Secret or unlisted Gists are not private access control. Anyone with the raw URL can read them. GitHub auth is resolved from GITHUB_TOKEN, GH_TOKEN, or gh auth token.

Python API

from datetime import datetime, timezone
import yosoi as ys
class Product(ys.Contract):
title: str = ys.Title(description='Product title')
price: str = ys.Price(description='Displayed price')
selectors = ys.recipe.selector_map(
'https://example.com/products/sku-1',
discovered_at=datetime(2026, 1, 1, tzinfo=timezone.utc),
title='h1.product-title',
price='.price',
)
recipe_path = '.yosoi/recipes/product.recipe.json'
recipe = ys.recipe.mint(
Product,
selectors=selectors,
out=recipe_path,
source_urls=['https://example.com/products/sku-1'],
url_patterns=['https://example.com/products/*'],
)
validated = await ys.recipe.validate(
recipe_path,
['https://example.com/products/sku-1'],
write=True,
)
loaded = ys.recipe.load(recipe_path, recipe_id=validated.recipe.recipe_id)
await ys.recipe.run(loaded, 'https://example.com/products/sku-2')
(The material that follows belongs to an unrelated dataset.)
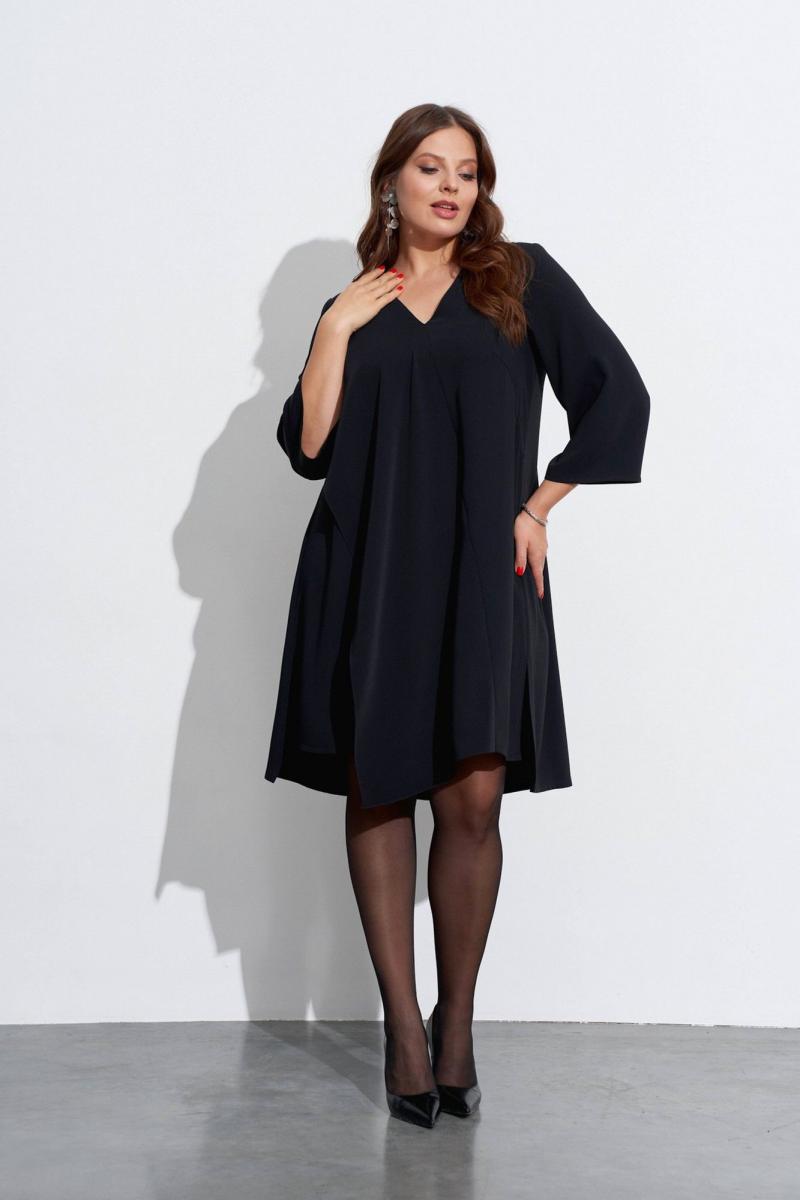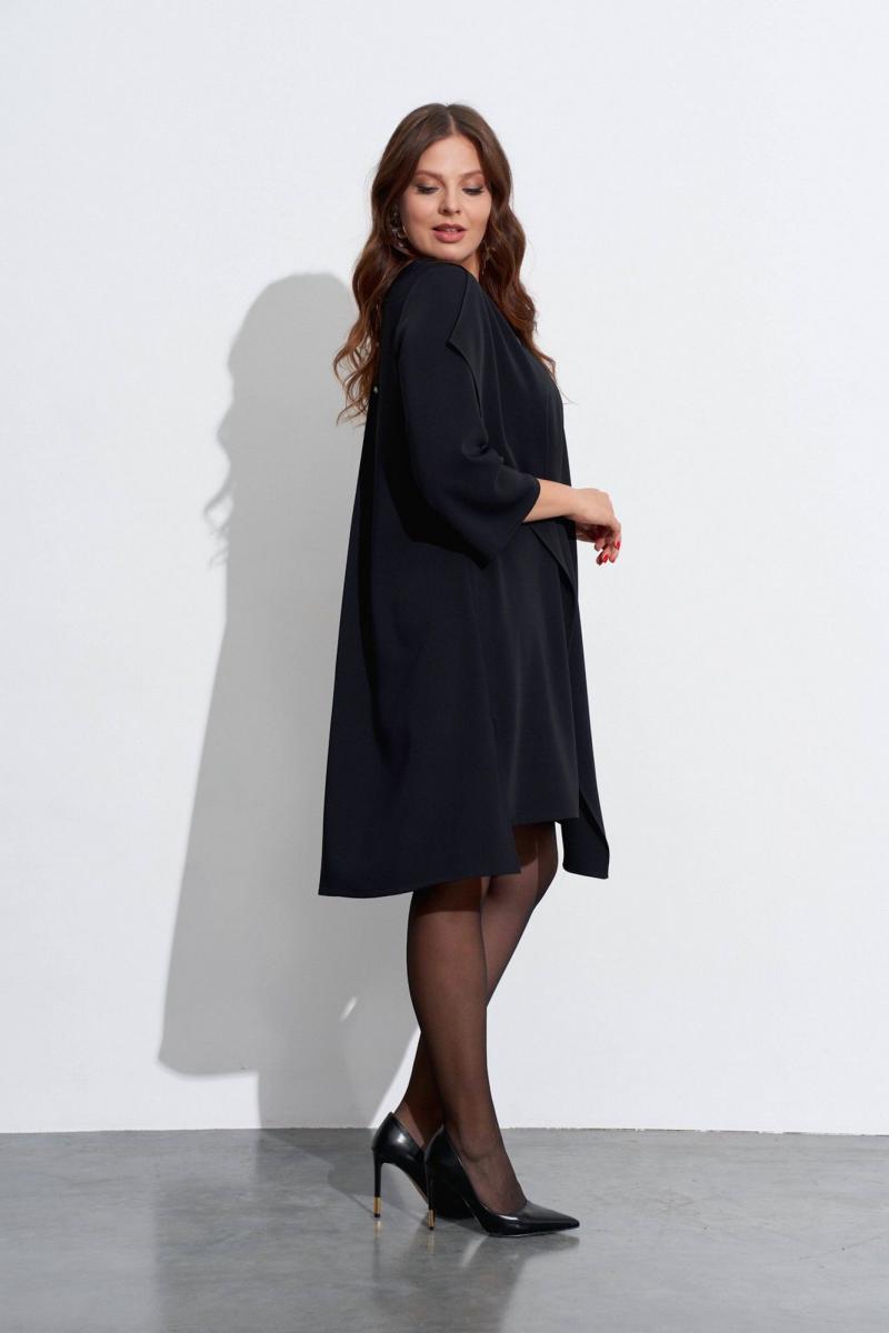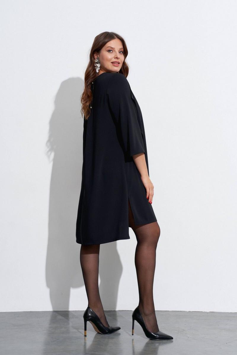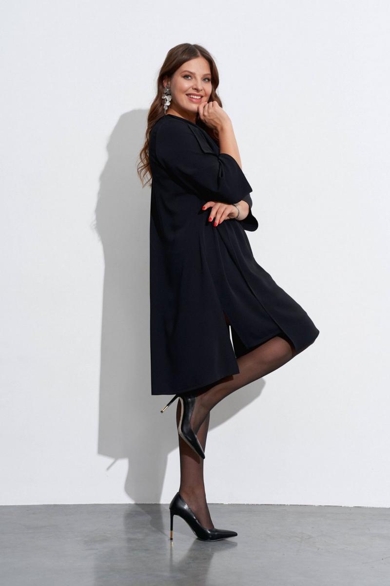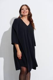Свободное платье с небольшим расширением к низу. Горловина с V-образным вырезом. Рукава широкие, в ¾ длины. Деталь переда с нагрудными вытачками ,с косым швом от горловины до низа и с отлетной деталью. В боковых швах разрезы, у горловины спинки закреплены две складки, декорированные пришивной фурнитурой. Длина спинки ок. 103 см. в 52 м.

Recipes can also be consumed piecewise:

RecipeContract = loaded.to_contract()
selector_map = loaded.selectors_for('www.example.com')
actions = loaded.a3nodes
fixture_urls = loaded.fixture_urls()

Trust Policies

API recipe loading is local-only by default. Remote sources require an explicit trust boundary, and extra allowlists compose with AND semantics.

trust = ys.recipe.Trust.github('owner').contracts(Product).recipe_ids(recipe.recipe_id)
remote = ys.recipe.load(
'gh:owner/yosoi-recipes/recipes/example.com/product.recipe.json@main',
recipe_id=recipe.recipe_id,
trust=trust,
)

Policy files can carry the same allowlist:

recipe:
allow_local: true
allowed_github_owners:
- owner
allowed_recipe_ids:
- v1:sha256:...
allowed_contract_fingerprints:
- contract:v1:sha256:...

See Policy Files for policy-file placement and validation.

Command Reference

  • yosoi recipe mint: create recipe JSON from a contract plus selectors or cache state.
  • yosoi recipe inspect: summarize contract, fields, domains, A3Nodes, and validation status.
  • yosoi recipe check: verify schema and deterministic identity.
  • yosoi recipe validate: replay fixture URLs, build evidence, and optionally write it back.
  • yosoi recipe install: verify and cache local or remote recipes.
  • yosoi recipe list: list local .yosoi/recipes artifacts.
  • yosoi recipe publish: publish to GitHub repo PR, direct commit, or Gist.
  • yosoi recipe gist: convenience Gist publish command.